4. Highlighting Differences and Adding Comments Using xlwings
In addition to using pandas for comparing and exporting the Excel sheets, we can also utilize the xlwings library to highlight the differences and add comments in the Excel file itself. This can be useful when you want to visually inspect the changes and make it easier to understand the comparison results.
With xlwings, we can create a new instance of Excel and open both the initial and updated workbooks within it. We can then iterate over each cell in the used range of the worksheets and compare the current value with the old value. If they differ, we can add a comment to the cell indicating the change. Additionally, we can change the background color of the cell to visually highlight the difference.
Once we have made the necessary changes, we can save the updated workbook as a new file. This will create a new workbook with the changes highlighted and comments added where necessary. By utilizing xlwings, we can provide a more comprehensive comparison and make it easier for users to understand the differences in the Excel sheet.

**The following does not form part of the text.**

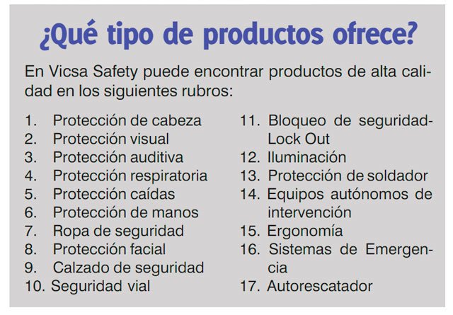Dado que la elección de un equipo de protección individual debe cumplir los criterios de adaptación a los riesgos que se corren, Vicsa Safety ofrece la asesoría de sus especialistas quienes ayudan a identificar claramente las necesidades de los usuarios finales y el nivel de protección indispensable de su actividad. De esta manera, contribuye a generar una cultura de protección al trabajador.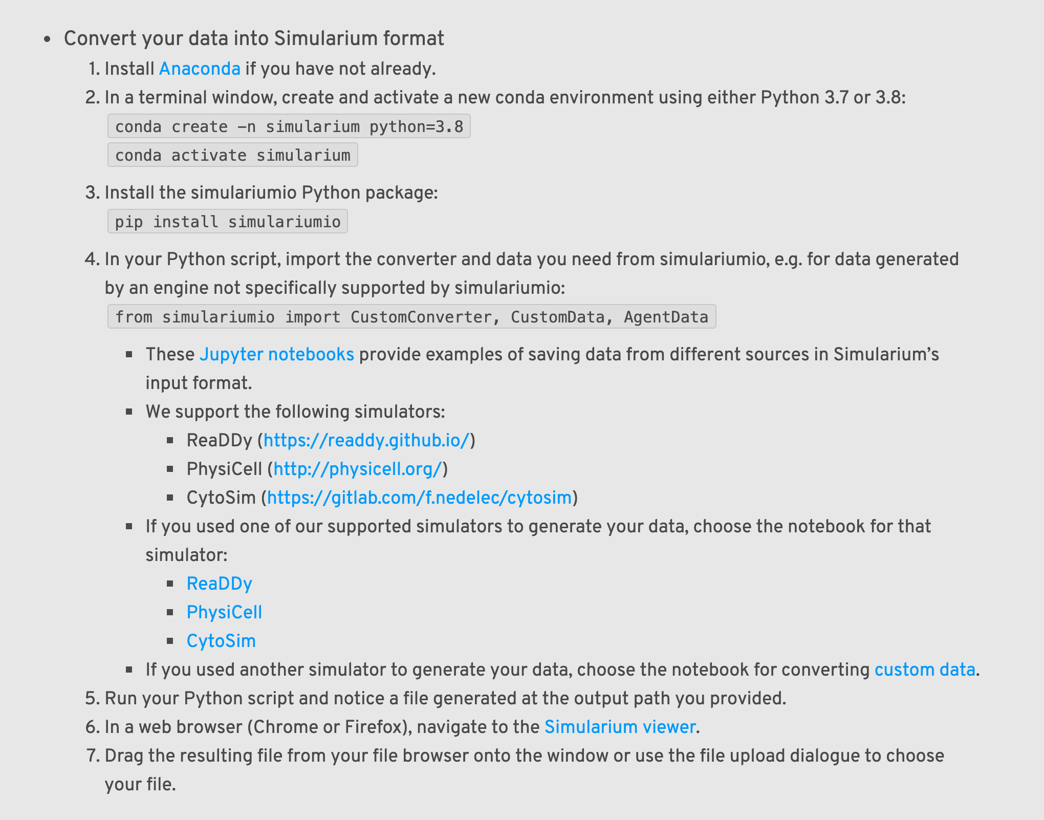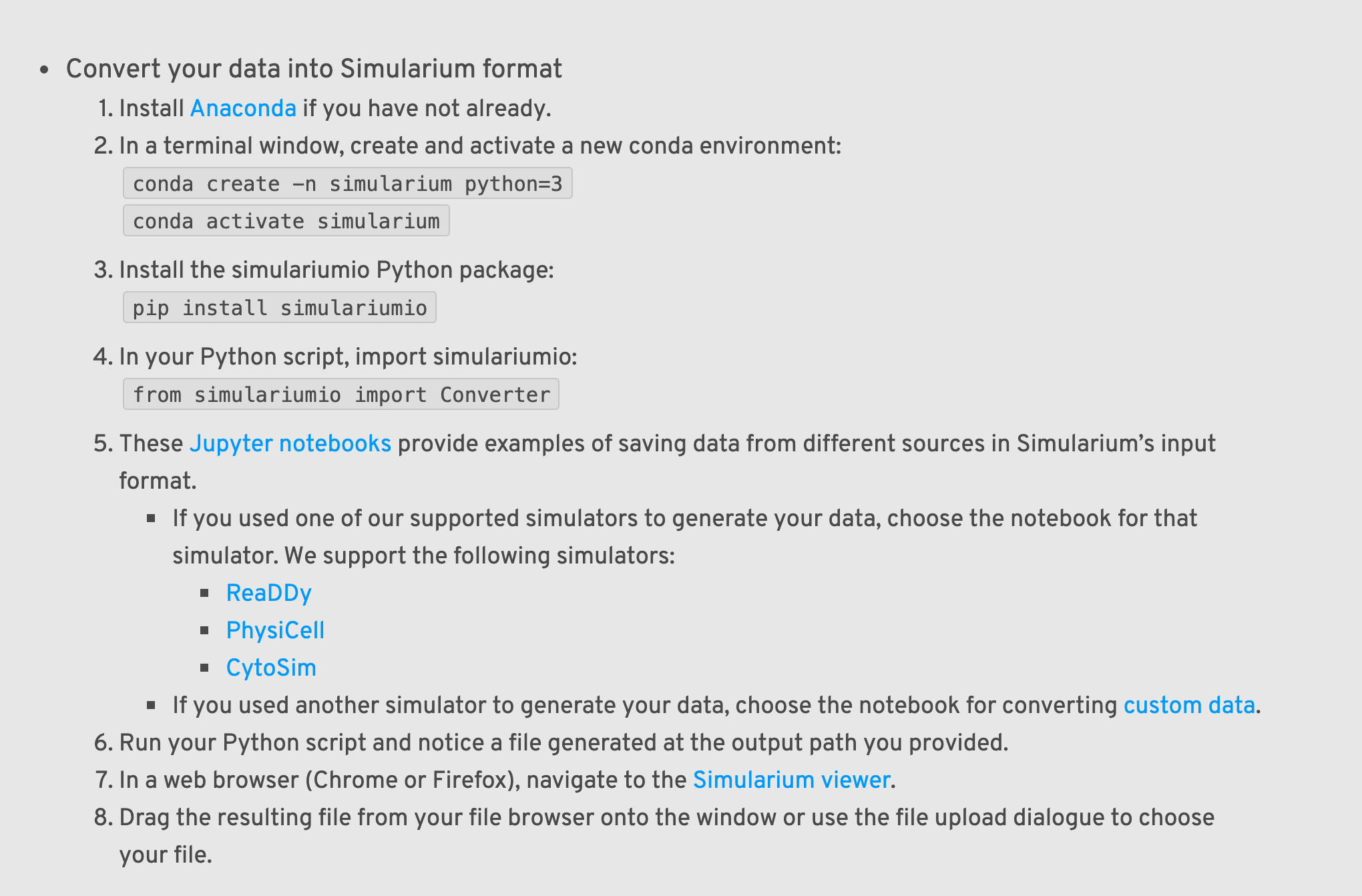 Hmmmm.... I resolved Blair's updates as I went (hard to see the outcome of some formatting updates if I don't resolve), so they're not visible on the Google Doc anymore. But they were all updates to the second major bullet ("Convert your data into Simularium format").

5. Comparing Two Datasets with Different Numbers of Rows
Next, let's explore a more complicated example where we compare two datasets with different numbers of rows. In this case, the spreadsheets may have additional rows or entries, making a direct comparison using pandas' compare method impractical. Instead, we will merge the two dataframes to show the differences.
Before merging the dataframes, we need to reset the index of the updated dataframe. This is important because the index will be used to identify the matching rows during the merging process. Once the index is reset, we can perform an outer merge on the dataframes, which will keep the rows from both datasets and indicate the presence or absence of an entry in either dataframe.

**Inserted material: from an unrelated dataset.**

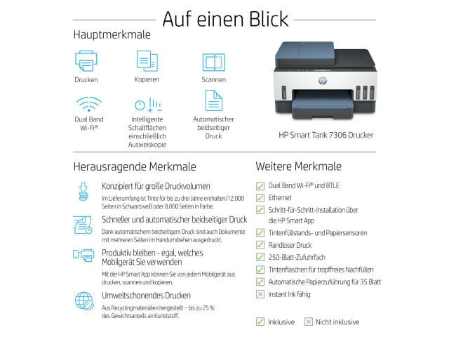 HP Smart Tank 7306 All-in-One; 2 x HP 32XL Schwarz Original Tintenbehälter; HP 31 Cyan Original Tintenbehälter; HP 31 Magenta Original Tintenbehälter; HP 31 Gelb Original Tintenbehälter; HP Schwarzer Druckkopf; HP Dreifarbiger Druckkopf: Flyer mit Sicherheitshinweisen zur Tinte; Flyer mit Umpackungshinweisen; Installationsanleitung; Referenzhandbuch; Flyer mit gesetzlichen Bestimmungen; PT-Flyer; Flyer mit gesetzlichen Angaben zur RoH-EAC; Netzkabel; Flyer zur erweiterten Garantie. Weitere Informationen zu Füllstand und Reichweite finden Sie unter http://www.hp.com/go/learnaboutsupplies

We can use the indicator argument in the merge method to create a new column in the merged dataframe that indicates whether a row exists in the left dataframe, right dataframe, or both. By filtering out the rows that exist in both dataframes, we can obtain a dataframe that shows the differences. This dataframe will highlight the entries that have changed or are unique to one of the datasets.
6. Highlighting Rows in Excel Using xlwings
To provide a visual representation of the differences in the Excel sheet, we can utilize xlwings once again. This time, we will highlight the rows that have changed or are unique to one of the datasets. To do this, we can iterate over every row in the used range of the Excel worksheet and check if the row number exists in the list of rows that have differences. If a row has a difference, we can change the background color of that entire row.

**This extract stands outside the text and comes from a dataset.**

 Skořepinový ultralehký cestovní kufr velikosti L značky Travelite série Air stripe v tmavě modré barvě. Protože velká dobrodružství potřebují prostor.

After highlighting the rows, we can save the workbook as a new file with an appropriate name. The new file will contain the updated version of the Excel sheet with the highlighted rows, making it easy to identify and review the differences.
By using pandas and xlwings together, we can effectively compare Excel sheets with different numbers of rows and provide a clear visual representation of the differences. This approach allows us to efficiently identify and analyze changes in the data, making it a valuable tool for data analysis and quality control.
Conclusion
In this article, we have learned how to compare two Excel sheets using Python. We have explored scenarios where the datasets have the same shape and different numbers of rows. We have seen how to use the pandas library to compare dataframes and highlight differences. Additionally, we have utilized the xlwings library to add comments and highlight rows in the Excel sheet itself. By combining these libraries, we can perform comprehensive comparisons and provide a clear visual representation of the differences.